The poetic fire was not dominant, though, and it, along with my then life-long love of mechanics and carpentry, gave way to my adolescent and since then life-long fascination with the computing machine. I attended college to study biomedical electronics, but ended up discovering the computer room and teaching myself computers. Well enough that I worked only two months in the biomedical electronics department at the hospital that was affiliated with the college, before being asked to join the data processing department. (That was, I believe, an attempt to reign in my youthful jousts with authority, but that's another story.)
The poet's joy of making words sing and dance to a tune of his own imagination, was overpowered by the programmer's conceit of molding an infinitely variable machine to his will. Writing poetry is an immersive experience, to be sure, but nothing compares to the utter submersion that accompanies the programming experience. Both are like a drug, but for me poetry was aspirin to programming's opiate.
The computing machine also trumped my urges for both mechanics and construction. The information technology arena affords plenty of alternatives to satisfy the needs met in both classic fields. As with writing poetry, they soon receded and became things I know how to do, but do not often practice.

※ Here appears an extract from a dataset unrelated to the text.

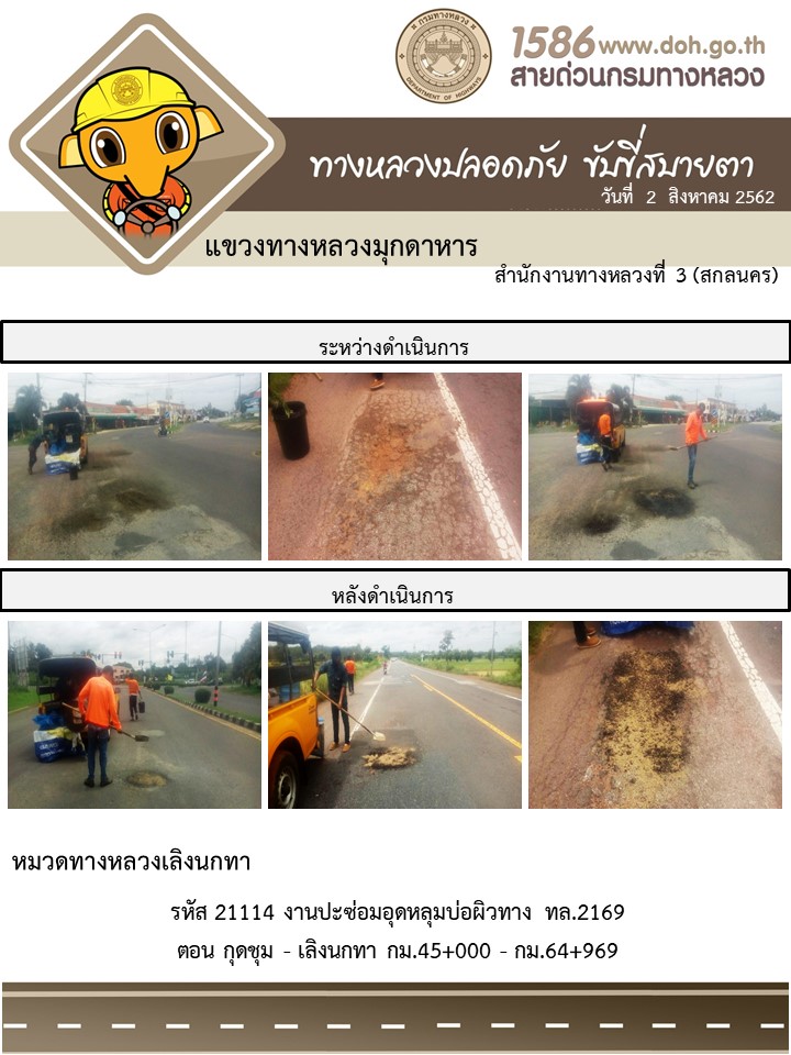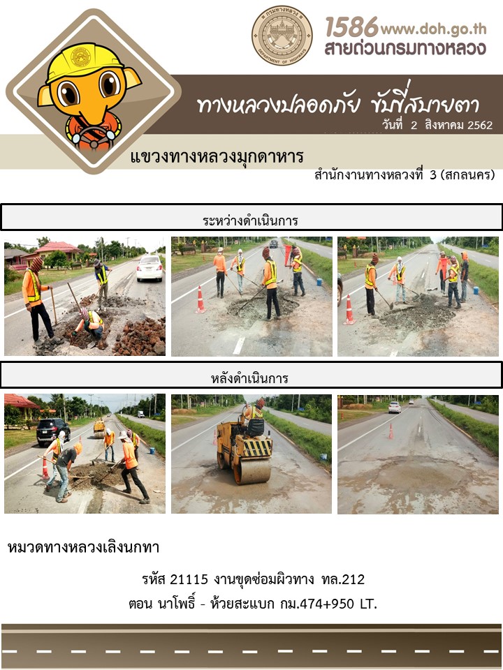 โครงการทางหลวงปลอดภัย ขับขี่สบายตา หน่วยงานในสังกัดแขวง 2 ส.ค.62

I'd like to say I set the IT world on fire, but I am no Steve Jobs, Bill Gates or Larry Ellison. (Interestingly, it was the marketing genius of these men, far more than their technical prowess, that drove them to the pinnacle of the IT domain. There's a lesson in there for all you aspiring giants, no matter the field.) I can say that I managed to make several big splashes in some relatively small and medium sized ponds. Having never done so on a global scale, all I can do is speculate, but I think the satisfaction of a job well done may be the same, regardless of scale. I'm also mindful that many people now deemed extraordinary were in fact extra-ordinary until late in life... so there may be hope for me yet!
Most men, it seems, reach mid-life and acquire a desire to retire. Perhaps not to the sedentary life, although golf is in no danger of falling out of favor, but to a life altered from its former state. I am not exempt from this stage of life. Just as a mechanic eventually aspires to own his own shop and get his hands out of the grease, and a carpenter turns contractor and puts his hammer away, and both dream of the freedom this will give them to spend time on other interests, I yearn to leave the mental mud of the technical trenches behind and instead marshall the troops from higher ground, which I pretend to myself will give me time to do other things - like write poetry and (re)learn to golf.
So I find myself, perhaps as a result of weaning myself somewhat from the intoxicating ambrosia of coding, more interested in a dormant love. I sense the desire to code being supplanted by a growing desire to rhyme. So, who knows? This site may see progressively longer chapters for a few more decades.